*What the task requires*. Transcribe the listing verbatim, please, with images dropped.

*Records for this exercise*.
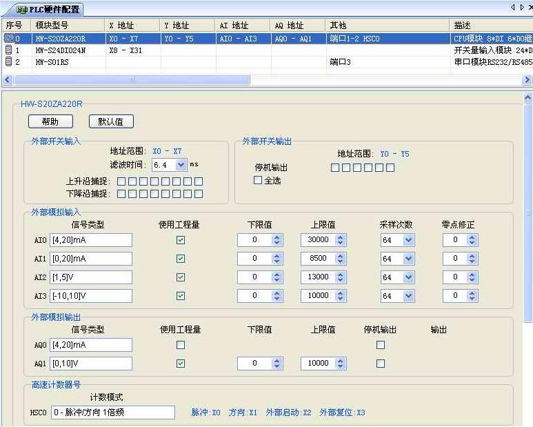 4、HW-S20ZA220T:8xDI,6xDO晶體管,4xAI線性輸入,2xAO線性輸出,
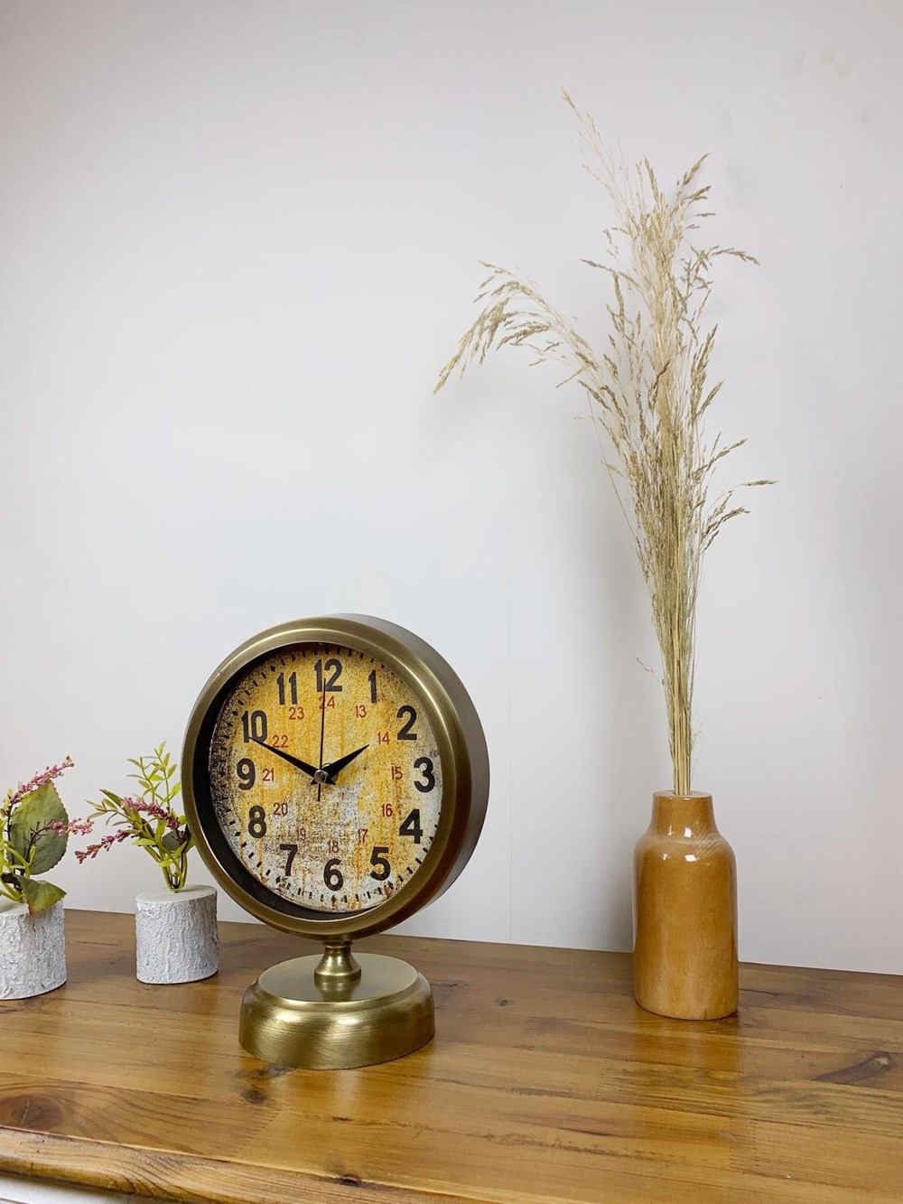 Şık ve modern tasarımıyla dikkat çeken  eskitme kaplama masa saatimiz, sessiz akar saniye mekanizmasıyla konforlu bir kullanım sunar. Gerçek cam koruma paneli sayesinde uzun ömürlü ve dayanıklıdır. Estetik görünümüyle hem ev hem de iş yerleri için ideal bir dekoratif üründür.
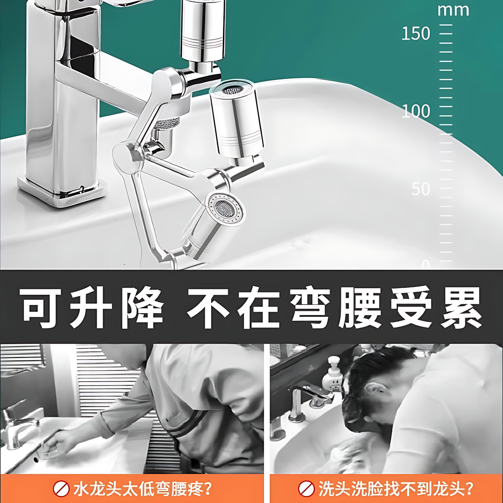新款机械臂万向水龙头延伸器防溅出水嘴可旋转浴室洗脸盆起泡神器
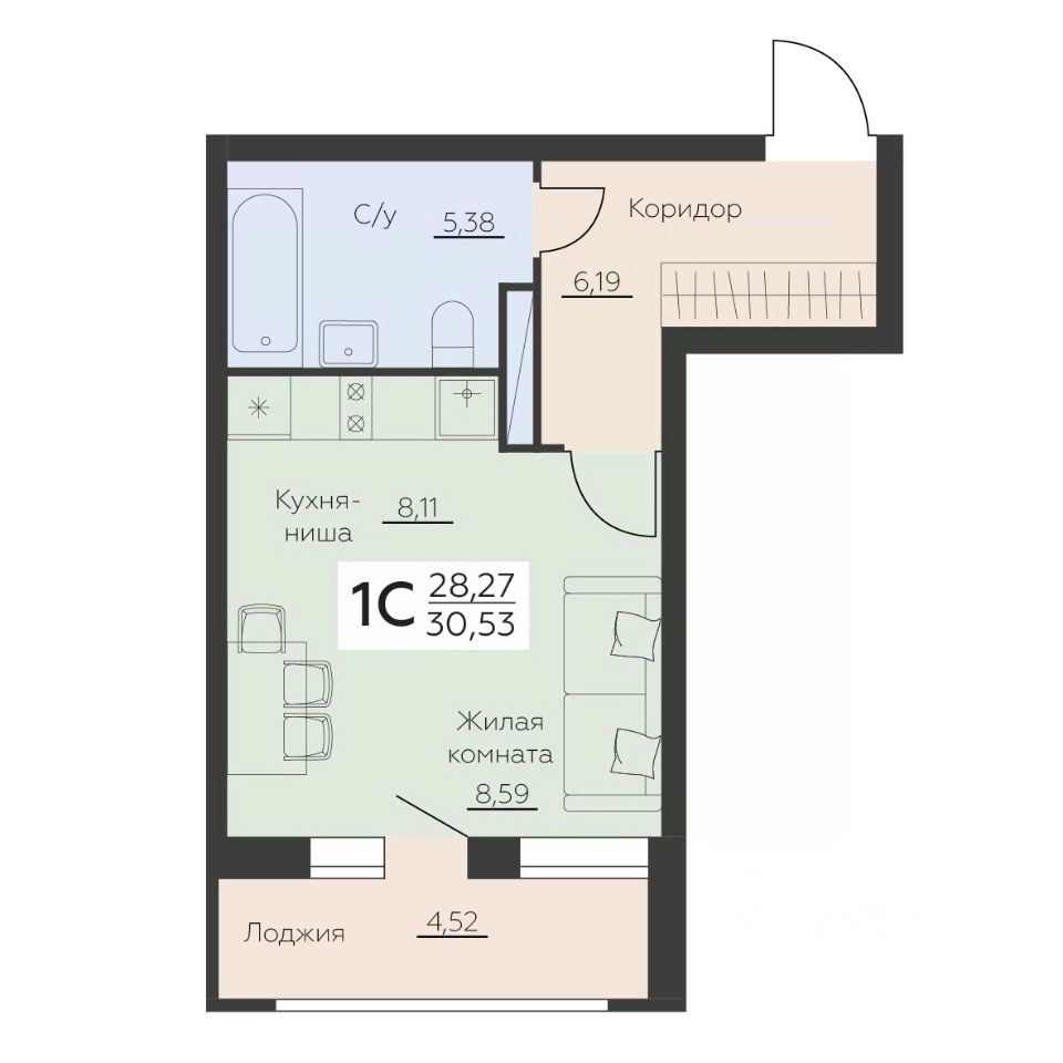 Общая площадь30,53 м2
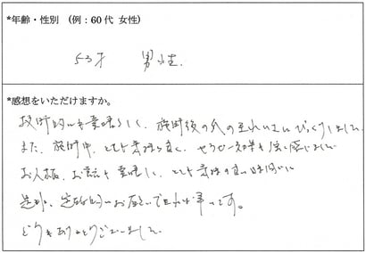 とてもていねいでキチンと説明しながら行って下さるので安心感がありました。
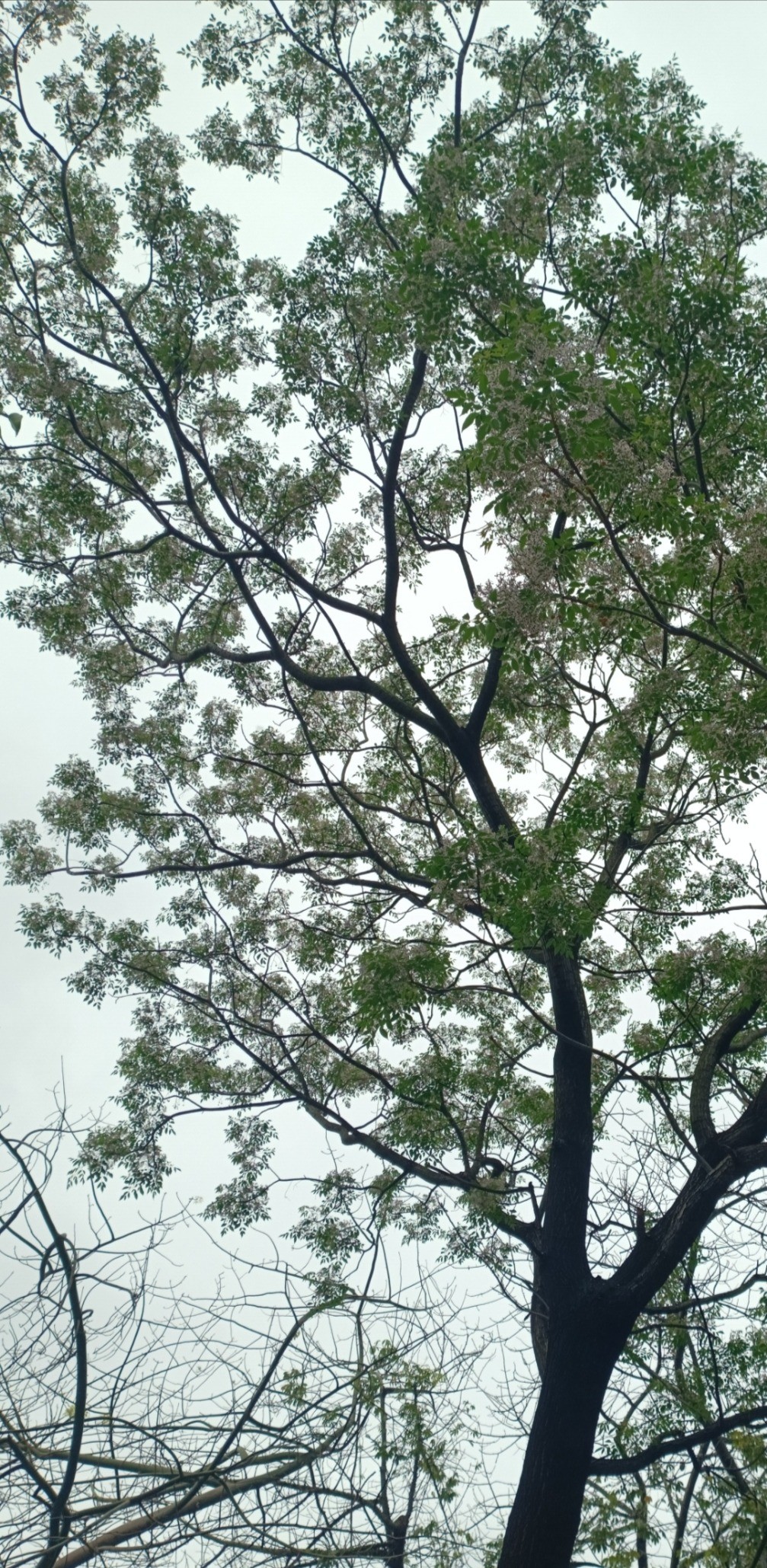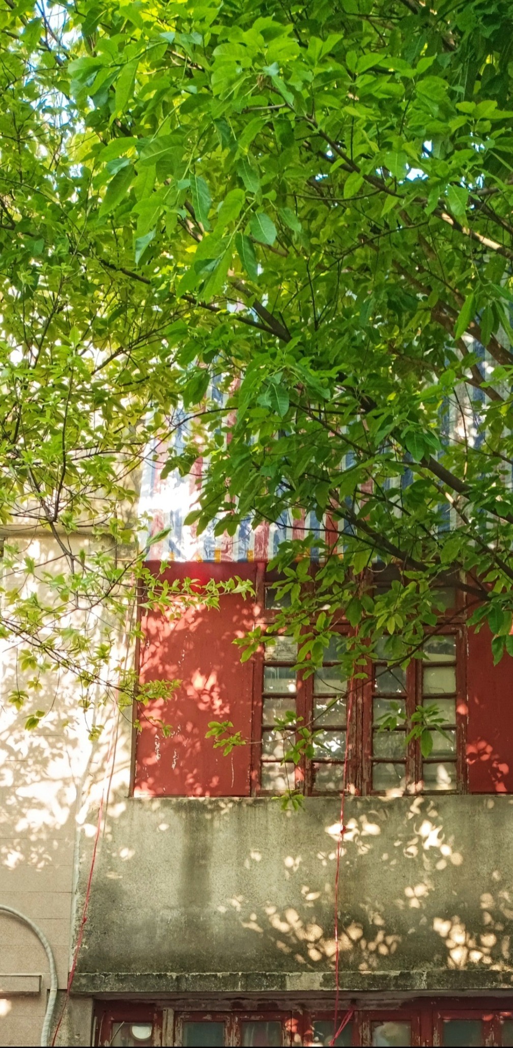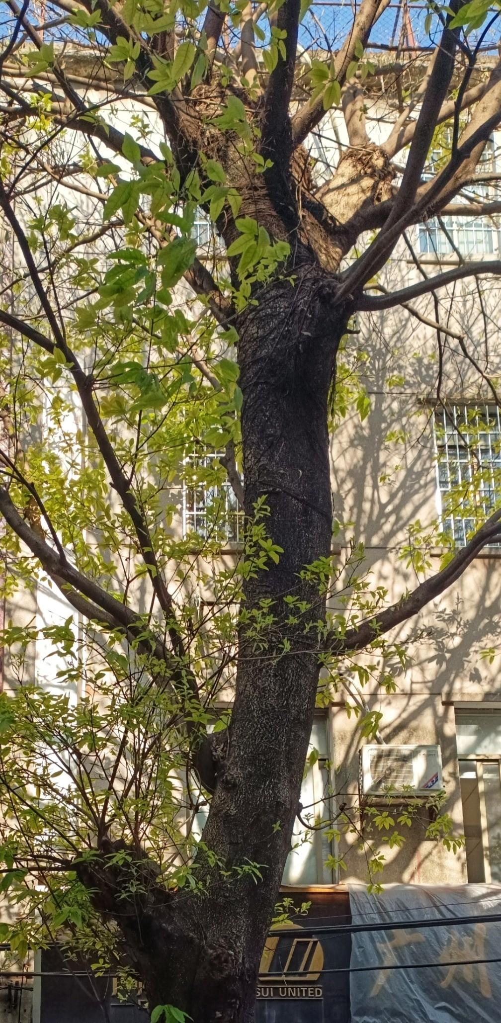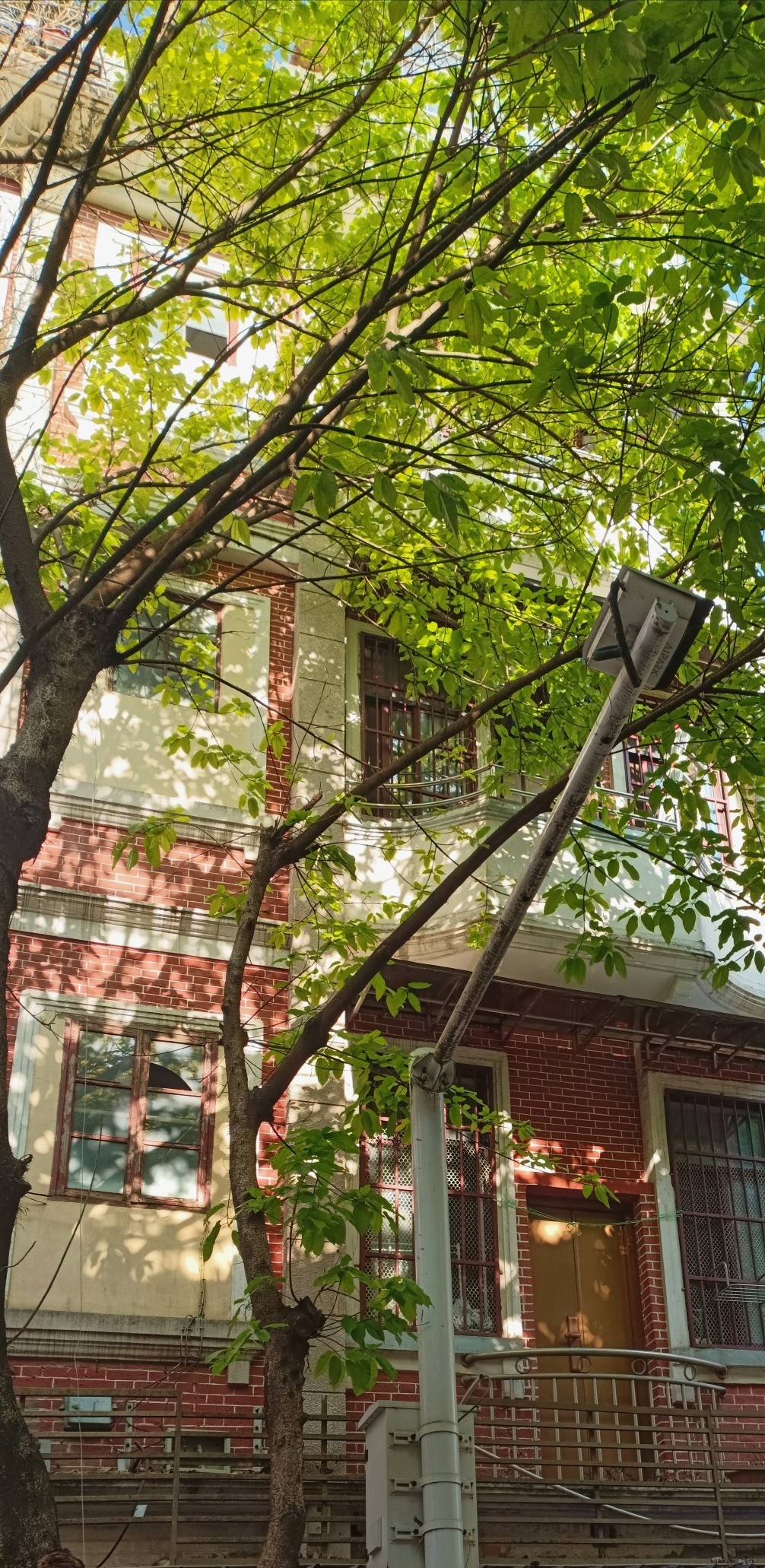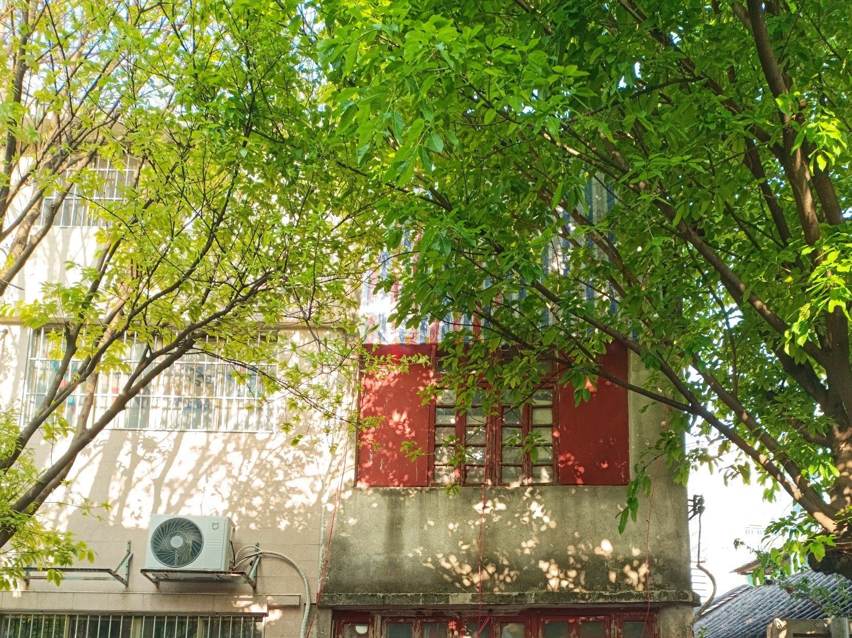 春天的傍晚,走进一个老旧小区,去看一棵白花山桃。

*Answer for the task*.
 4、HW-S20ZA220T:8xDI,6xDO晶體管,4xAI線性輸入,2xAO線性輸出,
 Şık ve modern tasarımıyla dikkat çeken  eskitme kaplama masa saatimiz, sessiz akar saniye mekanizmasıyla konforlu bir kullanım sunar. Gerçek cam koruma paneli sayesinde uzun ömürlü ve dayanıklıdır. Estetik görünümüyle hem ev hem de iş yerleri için ideal bir dekoratif üründür.
新款机械臂万向水龙头延伸器防溅出水嘴可旋转浴室洗脸盆起泡神器
 Общая площадь30,53 м2
 とてもていねいでキチンと説明しながら行って下さるので安心感がありました。
 春天的傍晚,走进一个老旧小区,去看一棵白花山桃。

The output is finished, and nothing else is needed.